I currently have two students in my classroom trialing AAC devices, and it made me remember trying to incorporate AAC when I first started teaching cluster. Coming from a general education and resource room background, I had no idea how to effortlessly use AAC in the classroom as a cluster teacher. I used to dread speech day when the speech pathologist would come and pick up students and ask “where is your talker?” It was still in their backpacks – insert embarrassed face emoji here. Since then, I have gotten much better at identifying ways I could help students to use their devices in the classroom, because communication doesn’t start and end in speech sessions. Here are five very easy ways to incorporate AAC into your daily routine as a teacher…
1. Morning Meeting
Incorporating AAC during the morning meeting is not only an easy way to start, but it helps students to get into the routine of using their devices right away and you avoid the embarrassing “Where is your talker?” question from your SLP to your students. Morning Meeting usually occurs everyday and is based around SEL objectives, so it allows students to talk about more preferred topics rather than just using their device to answer academic questions. The Morning Meeting in our classroom centers around the Zones of Regulation, so it is a great opportunity for students to learn to navigate their device in order to describe their feelings, what color zone they are in and later, expand on why they are feeling a certain way. Our SLP has been coming in once a week during Morning Meeting, which has been a great learning opportunity for the students, but a great opportunity for collaboration and for her to demonstrate ways I can help students expand their responses.
2. Break Time
Break time is a highly motivating time to help incorporate AAC. I use break time to have students use their devices to request which activity they want to do and I also try to have them incorporate their device while doing their preferred activity. Break times along with Morning Meeting, is a good place to start incorporating AAC because we want students to be motivated to use their device and not experience their device as being something they use only during academic times. Using it while playing board games is also a really easy way to incorporate AAC, especially if it is a device that has topics or phrases already built in.
3. Meal Times
Another highly motivating time to incorporate AAC is during breakfast or lunch times. While sometimes mealtimes at school can feel rushed, starting out with having students use their devices to request help can be a great first step. Once students know how to navigate to the item or verb, you can help them to expand their utterances. Mealtimes can also be a great time to do some aided language simulation because mealtimes offer a structure. You can also introduce something like commenting on their meal or food preferences.

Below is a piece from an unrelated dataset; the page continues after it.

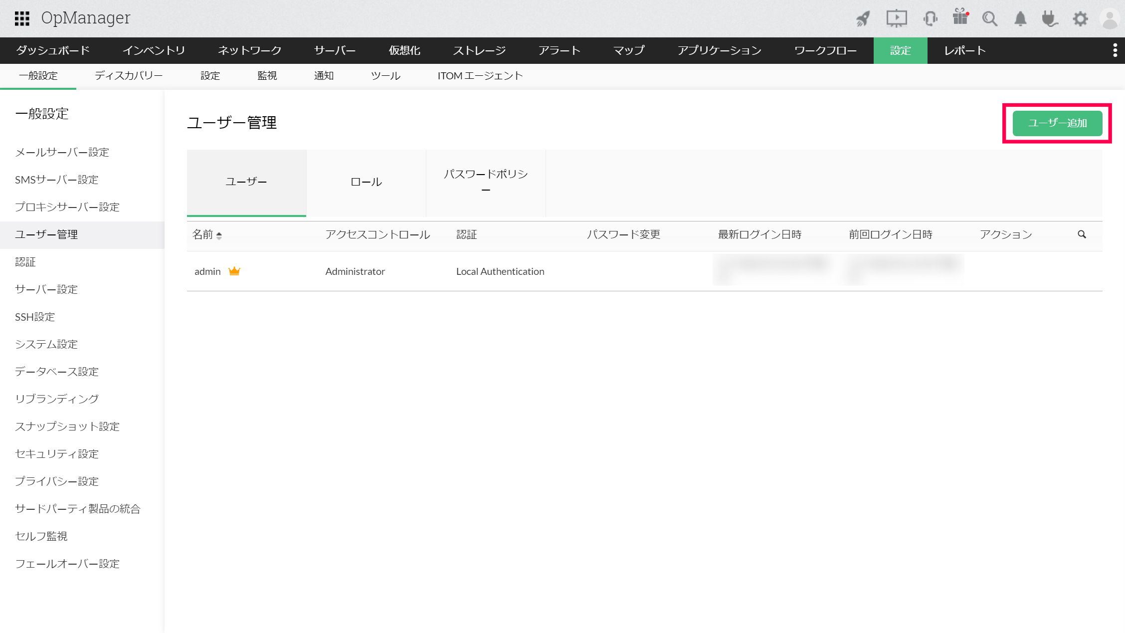 OpManagerにユーザーを追加できるのは、"管理者"のロールを持つユーザーのみです。
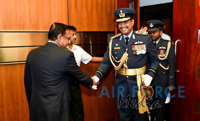 මෙහිදී ආරක්ෂක ලේකම් තුමන් විසින් ගුවන් හමුදාධිපතිතුමන්ට සිය නව තනතුර වෙනුවෙන් සුබපැතුම් පිරිනැමීය.

4. Reading & Language Arts
Finally, we are onto the academics. I purposely listed academics towards the end because making sure students are motivated to use their device can help before incorporating AAC into academic activities. One easy way to incorporate AAC during phonics is locating letters on the keyboard for letter identification goals. I also like having students learn to navigate their devices by finding words that start with a specific letter we are learning about. My students love finding foods that start with a certain letter, but you can expand it to other categories. When introducing a book, I pre-teach the vocabulary. This is also another easy way to discuss what each word means and allow the opportunity to teach students how to find the words in their devices. I also like to have students create the same sentences in the book as an alternative to reading the books that are Fountas & Pinnell, Levels aa or A. Additionally, having students craft sentences for a writing assignment or prompt is a great way to teach students with devices that writing is simply the words that we communicate. This not only allows students to have visuals associated with the words they communicate, but also gives them a direct visual model of their communication in order to share verbally through their device, or allowing them to copy the words directly on a writing assignment or journal response.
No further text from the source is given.